Core Concepts
Diffusion models can be leveraged to generate synthetic training data for semantic segmentation, but the quality of the generated pseudo-masks is not always accurate. By framing the problem as a weakly supervised learning task and incorporating techniques like reliability-aware robust training, prompt augmentation, and domain adaptation, the authors demonstrate how to effectively close the gap between real and synthetic training for semantic segmentation.
Abstract
The paper explores the use of diffusion models, specifically Stable Diffusion, to generate synthetic training data for semantic segmentation tasks.

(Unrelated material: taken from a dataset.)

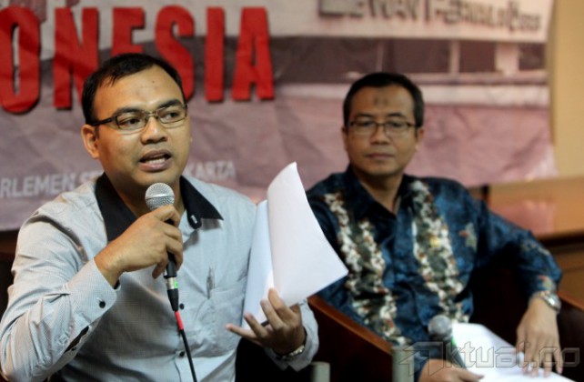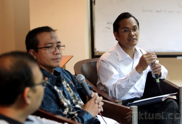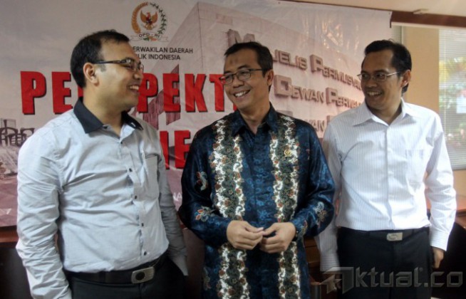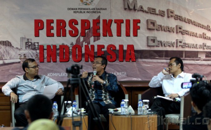 (kiri-kanan) Direktur Eksekutif IndoStrategi Andar Nubowo, Anggota DPD RI asal Lampung Ahmad Jajuli dan Peneliti LIPI Ahmad Najib Burhani menjadi pembicara pada diskusi dengan tema “Peta Politik di Senayan Pasca Pemilu Legislatif” di Gedung Parlemen, Jakarta, Jumat (25/4/2014). Aktual/Tino Oktaviano

The key insights are:
Diffusion models can be used to generate both images and pseudo-masks for semantic segmentation, by leveraging the text-image cross-attention maps within the diffusion model. However, the quality of the generated pseudo-masks is not always accurate.
The authors frame the problem of training segmentation models on the diffusion-synthetic data as a weakly supervised learning task, where the potentially inaccurate pseudo-masks are treated as weak supervision. They incorporate techniques from weakly supervised semantic segmentation (WSSS), such as reliability-aware robust training, to handle the noisy pseudo-labels.

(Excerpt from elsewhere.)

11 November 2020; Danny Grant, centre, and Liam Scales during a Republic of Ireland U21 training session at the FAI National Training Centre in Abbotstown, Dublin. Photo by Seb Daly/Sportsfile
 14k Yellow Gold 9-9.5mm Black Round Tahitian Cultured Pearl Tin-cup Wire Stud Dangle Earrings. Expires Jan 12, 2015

To scale up the diversity of the synthetic training data, the authors propose prompt augmentation, which uses synonym and hyponym replacement to generate more varied prompts for the diffusion model.
For transferring the segmentation model to distant domains, the authors leverage LoRA-based domain adaptation of the Stable Diffusion model, which enables fast and stable finetuning on a small set of target-domain images.
The experiments show that the proposed Attn2mask method, which combines these ideas, outperforms previous diffusion-synthetic training approaches on the PASCAL VOC, ImageNet-S, and Cityscapes datasets, and achieves competitive performance compared to real-image-based WSSS methods.
Stats
The paper does not provide specific numerical data or statistics, but rather focuses on the overall approach and experimental results.